于 2023-10-10 15:47:06 首次发布

本文链接：https://blog.csdn.net/Mr___WQ/article/details/133748471

版权

论文链接

arxiv.org/pdf/2210.11680.pdf

这篇文章利用双路对比学习实现了在线聚类，对我这个方向有一定帮助，以下是此双路对比学习的对比损失函数

实例对比损失

class InstanceLoss(nn.Module):
    """
    Contrastive loss with distributed data parallel support
    """

    LARGE_NUMBER = 1e4

    def __init__(self, tau=0.5, multiplier=2, distributed=False):
        super().__init__()
        self.tau = tau
        self.multiplier = multiplier
        self.distributed = distributed
    ##这里的输入z是增强concat后的
    def forward(self, z, get_map=False):
        n = z.shape[0]
        assert n % self.multiplier == 0

        z = z / np.sqrt(self.tau)
        ##分布式的相关处理
        if self.distributed:
            z_list = [torch.zeros_like(z) for _ in range(dist.get_world_size())]
            # all_gather fills the list as [<proc0>, <proc1>, ...]
            # TODO: try to rewrite it with pytorch official tools
            z_list = diffdist.functional.all_gather(z_list, z)
            # split it into [<proc0_aug0>, <proc0_aug1>, ..., <proc0_aug(m-1)>, <proc1_aug(m-1)>, ...]
            z_list = [chunk for x in z_list for chunk in x.chunk(self.multiplier)]
            # sort it to [<proc0_aug0>, <proc1_aug0>, ...] that simply means [<batch_aug0>, <batch_aug1>, ...] as expected below
            z_sorted = []
            for m in range(self.multiplier):
                for i in range(dist.get_world_size()):
                    z_sorted.append(z_list[i * self.multiplier + m])
            z = torch.cat(z_sorted, dim=0)
            n = z.shape[0]

        logits = z @ z.t()
            ## 对角线部分mask
        logits[np.arange(n), np.arange(n)] = -self.LARGE_NUMBER

        logprob = F.log_softmax(logits, dim=1)

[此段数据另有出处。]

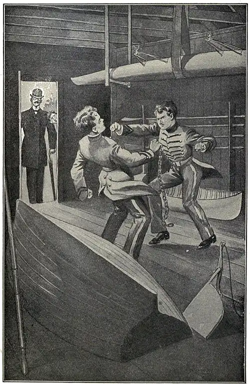 As they drew close to the boathouse they heard loud talking and then a cry of pain.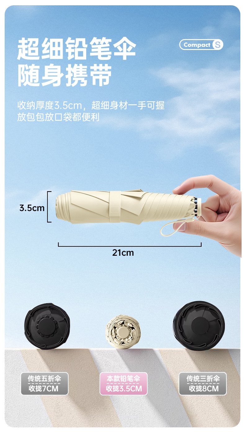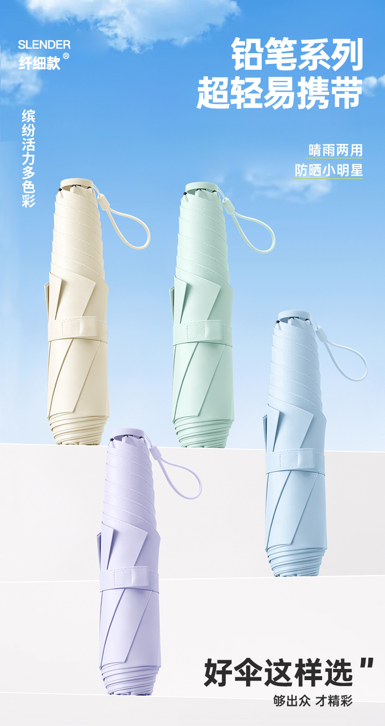 超轻便捷6骨铅笔伞-梧桐米 USD $4.18 5000 piece available
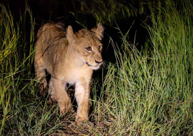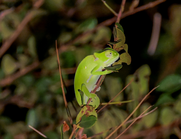 We also saw owls, chameleons, a snake in a tree, numerous small deer but the absolute highlight of the nights was coming across 2 lionesses walking down the road. They were patrolling their territory using the road as a convenient path. We followed them as they made their way along, at a fair pace, before having a five minute break to groom themselves and starting their patrol again.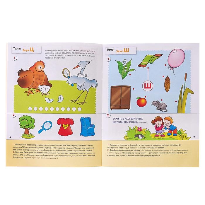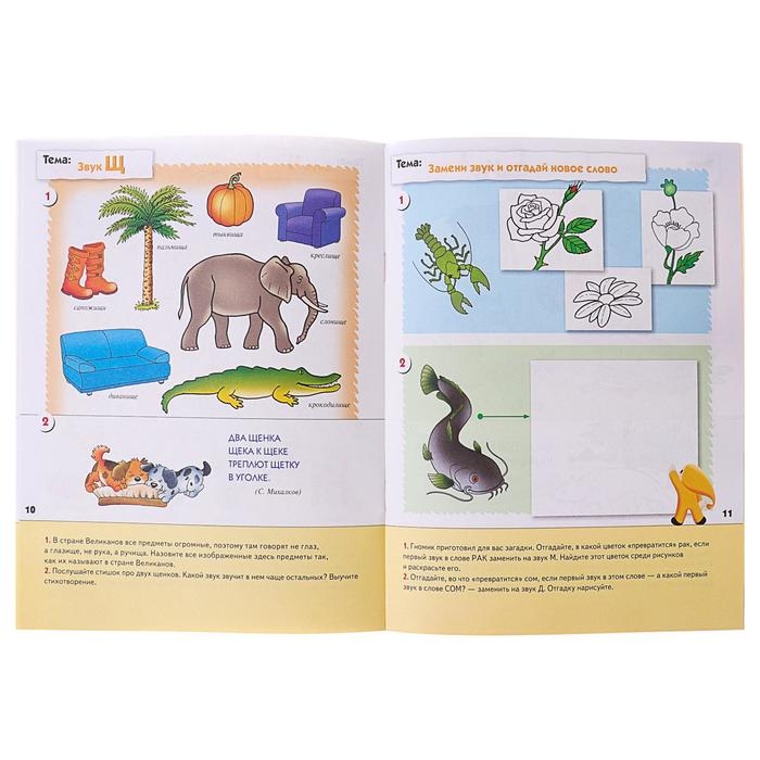 Рабочая тетрадь «Уроки грамоты для малышей. Средняя группа» содержит упражнения, благодаря которым ребёнок знакомится со звуками, узнаёт, что они могут рычать, жужжать и шипеть.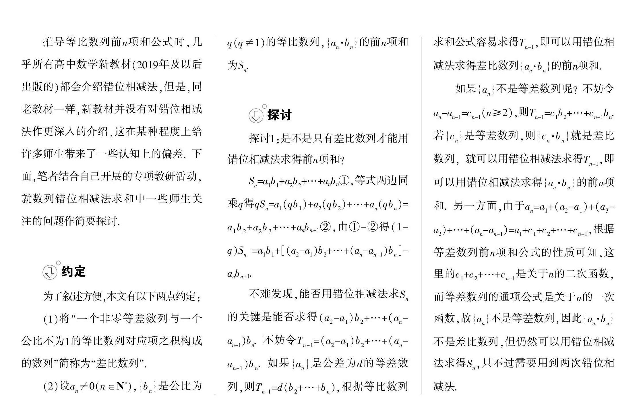 对数列错位相减法求和的探讨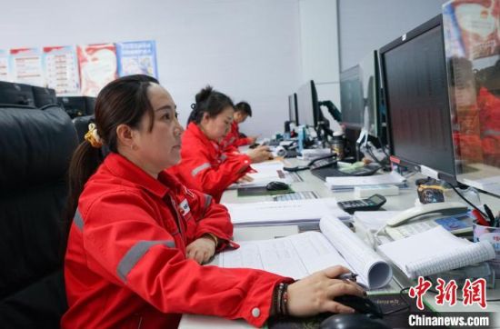 9月25日,涩北气田工作人员正在实时监测天然气产量。中新社记者 马铭言 摄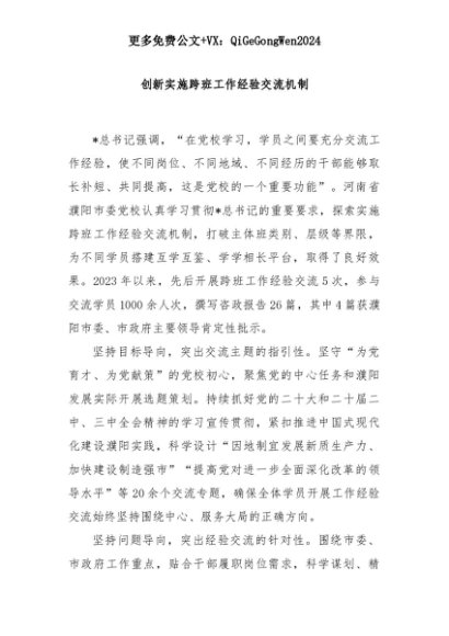 【七哥公文】2025年:创新实施跨班工作经验交流机制+更多免费公文+VX:QiGeGongWen2024+更多免费公文+VX:QiGeGongWen2024
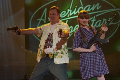 We follow a middle aged man named Frank, performed perfectly by Joel Murray (Shameless, Dharma & Greg). After learning that his ex-wife is about to remarry, Frank is fired from his job for something that seems a little too politically correct and then finds out later that same day that he has an inoperable brain tumour that will end his life sooner than later. Rather than take his own life, Frank is convinced to take his anger and frustration out on the people he thinks truly deserve to die, going on a shooting spree of reality TV stars and hateful political pundits who spread fear on their shows. Frank then finds himself the focus of an admirer and confidante in a young sixteen year old girl named Roxy (Tara Lynne Barr) who shares his hatred for how the scum of the country are put on a pedestal and worshipped by countless TV viewers. As we watch this interesting duo go on their murderous road trip, we can’t help but root for them despite the fact what they’re really doing is wrong. We understand their frustration and relish their actions as a fun fantasy that is the brainchild of a sadistic writer/director.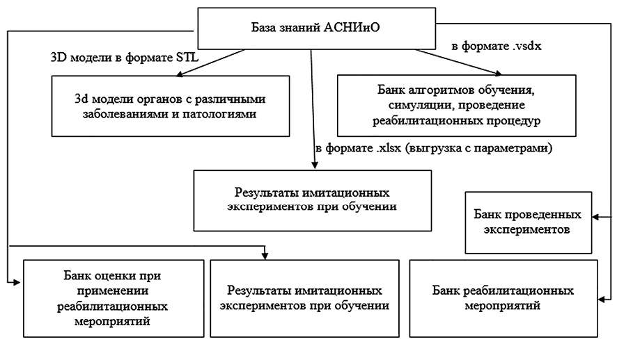 База знаний в предлагаемом медицинском комплексе наполнена 3D-моделями органов с различными заболеваниями и патологиями, также в ней содержится банк алгоритмов для обучения, симуляции, проведения реабилитационных процедур, результаты имитационных экспериментов. Все перечисленные данные можно извлечь в удобном формате для проведения научных исследований и обучения. Структура базы знаний АСНИиО показана на рис. 4.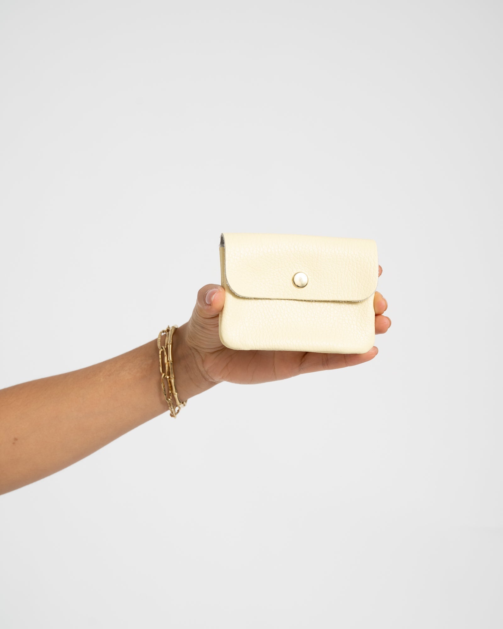 Compacte portemonnee in een zachte gele tint met een drukknoopsluiting. Praktisch formaat voor pasjes en muntgeld.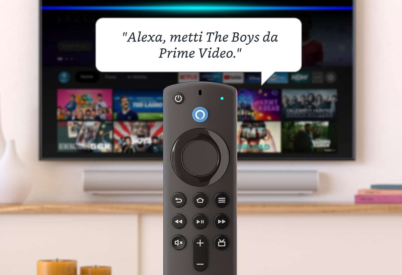 Tutti i modelli di Fire TV Stick (e Cube) attualmente a listino sono dotati di telecomando Bluetooth con microfono e tasto dedicato all’assistente vocale Alexa.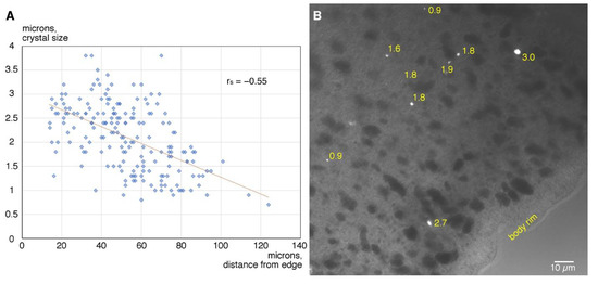 Distribution of crystals of different size. Crystal cells are distributed along the rim of the animal and absent from central regions of the body [3,18]. Measurement of the distance from the body edge to individual crystals (n = 189) indicates that crystal cells are scattered within a concentric region starting approximately 15 µm from the edge and spreading inside up to 120 µm from the edge (Figure 2A). Within this belt-like zone, smaller crystals selectively occupy the deeper region, while large crystals are located closer to the periphery (Figure 2A,B). Indeed, there is a negative correlation between the size of a crystal and its distance from the rim of the body (Spearman’s rs = −0.55, p = 3.76 × 10−16; homoscedasticity was confirmed with Breusch Pagan test giving a p value of 0.66).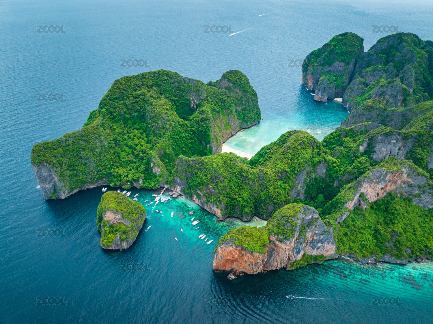 泰国 皮皮岛 蔚蓝色的海水上面漂浮着小船
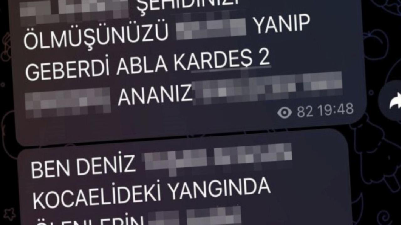 Olayın ardından "Kocaeli İnfaz Yayın" isimli bir Telegram sayfasında, yangında ölen vatandaşlara yönelik küfürlü ve hakaret içerikli paylaşımlar yapıldığı ortaya çıktı.

        # choose all positive objects for an example, for i it would be (i + k * n/m), where k=0...(m-1)
        m = self.multiplier
        labels = (np.repeat(np.arange(n), m) + np.tile(np.arange(m) * n // m, n)) % n
        # remove labels pointet to itself, i.e. (i, i)
        labels = labels.reshape(n, m)[:, 1:].reshape(-1)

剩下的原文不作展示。